Physicians for Social Responsibility

June 16, 2022

May we please have your attention...

Source: Tommaso.sansone91

ACTION ALERT

Comments needed to the California Air Resources Board  


By Sheri Deal-Tyne, Health & Energy Policy Researcher, PSR Iowa

We interrupt our regularly scheduled report to bring you late-breaking news straight out of California. In our previous report, we promised readers an upcoming report about the opportunity costs of carbon capture. That report is still forthcoming but paused due to an urgent timeframe for this action alert. Please carve out time in your busy schedules to post a comment on the California Air Resources Board (CARB) public comment page to urge CARB to eliminate the use of carbon capture in any of their climate policies.


The deadline for comments is June 23, 2022. Time is of the essence. See the end of this note for instructions on how to submit a comment. We offer this report on California’s role in the broader carbon capture debate to help formulate your comments.

Why should California matter to non-Californians?


California is the most populous state in the US, has the largest economy in the US and, if it were a country, it would be the fifth-largest economy in the world. California has the most electoral votes (55) and the largest number of members in the US House of Representatives (53). This contributes to California’s role in shaping federal policy and California has historically been seen as a leader on environmental concerns. California is in the process of updating its climate policies, which have the potential to influence carbon capture policy at the Federal level and beyond.
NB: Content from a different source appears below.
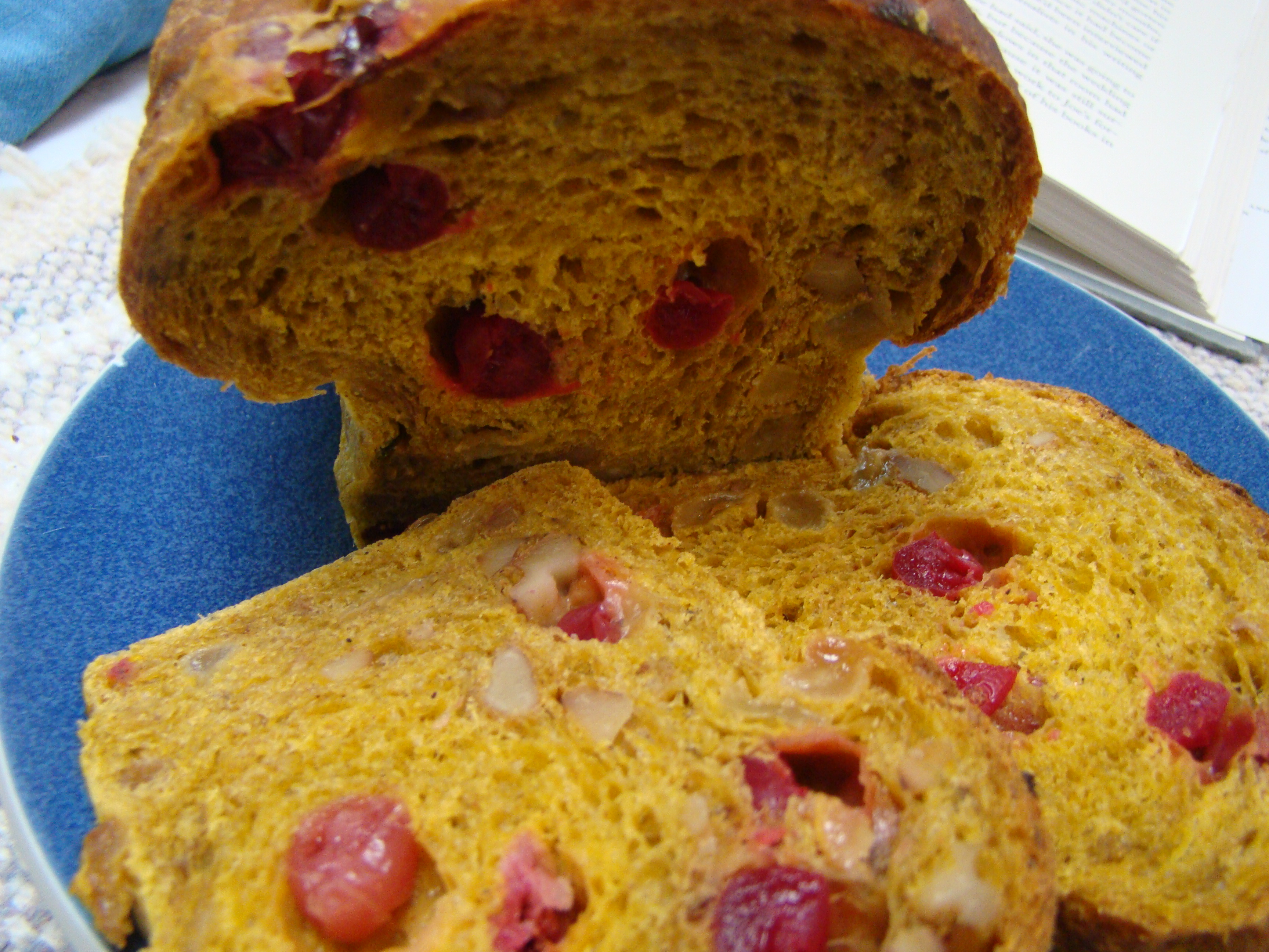 When I read the name of this autumnal recipe, I envisioned just another quick bread, so I wasn’t planning to make it. When I realized that it was a yeasted bread, I got more interested. Pumpkin in batter made me think of the Chart House’s Squaw Bread. Not that I ever figured out what was in it, but the memory drew me in.

California’s Influence on Carbon Capture Policy


In 2006, Governor Arnold Schwarzenegger signed the Global Warming Solutions Act, or AB 32, into California State Law. AB 32 was an ambitious bill for the time, intended to address global warming by establishing a program to reduce greenhouse gas (GHG) emissions from all sources throughout the state to 1990 levels by 2020. With the passage of AB 32, California became one of the first states in the US to move forward with a regulatory plan to address climate change. This report explores AB 32’s impact on evolving carbon capture policy and provides information on action steps in response.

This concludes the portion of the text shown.